**Material for this exercise**:
★ ★ ★ ★
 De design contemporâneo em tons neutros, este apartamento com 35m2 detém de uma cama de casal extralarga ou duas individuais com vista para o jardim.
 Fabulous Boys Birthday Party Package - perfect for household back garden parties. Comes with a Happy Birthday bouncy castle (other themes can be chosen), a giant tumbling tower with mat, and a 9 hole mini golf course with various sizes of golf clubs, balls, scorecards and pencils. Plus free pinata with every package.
★ ★ ★ ★
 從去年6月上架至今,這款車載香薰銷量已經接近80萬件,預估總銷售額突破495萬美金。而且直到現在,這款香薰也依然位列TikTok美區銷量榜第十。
★ ★ ★ ★
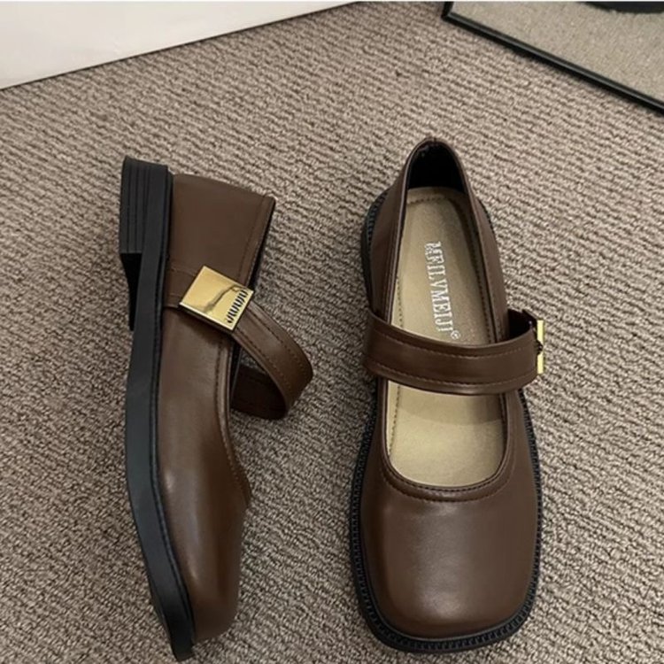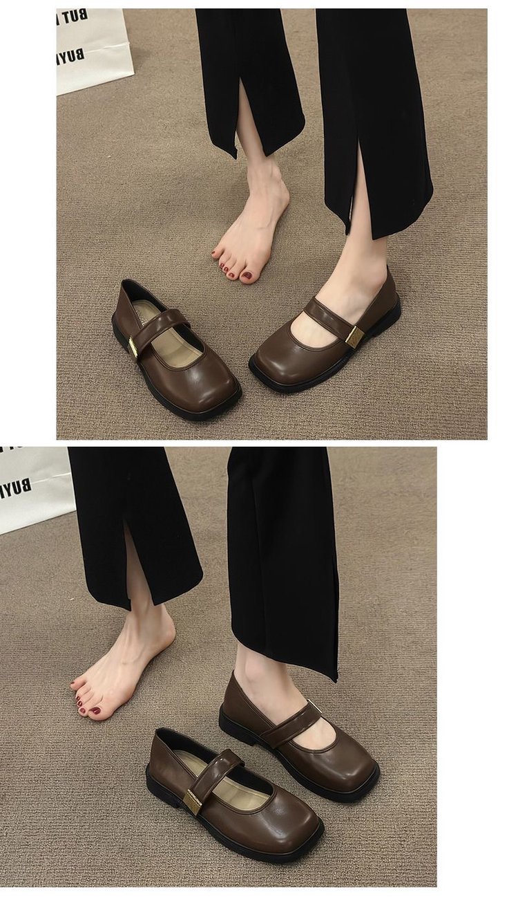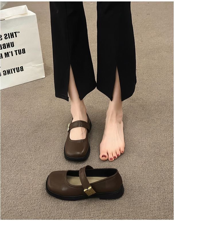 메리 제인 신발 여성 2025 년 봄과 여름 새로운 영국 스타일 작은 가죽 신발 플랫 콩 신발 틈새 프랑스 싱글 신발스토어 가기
★ ★ ★ ★
**Task goal**:
Beginning with the line containing "De design contemporâneo" in the material above, copy every line exactly until you have copied the line containing "Fabulous Boys Birthday".

**Solution to the exercise**:
 De design contemporâneo em tons neutros, este apartamento com 35m2 detém de uma cama de casal extralarga ou duas individuais com vista para o jardim.
 Fabulous Boys Birthday Party Package - perfect for household back garden parties. Comes with a Happy Birthday bouncy castle (other themes can be chosen), a giant tumbling tower with mat, and a 9 hole mini golf course with various sizes of golf clubs, balls, scorecards and pencils. Plus free pinata with every package.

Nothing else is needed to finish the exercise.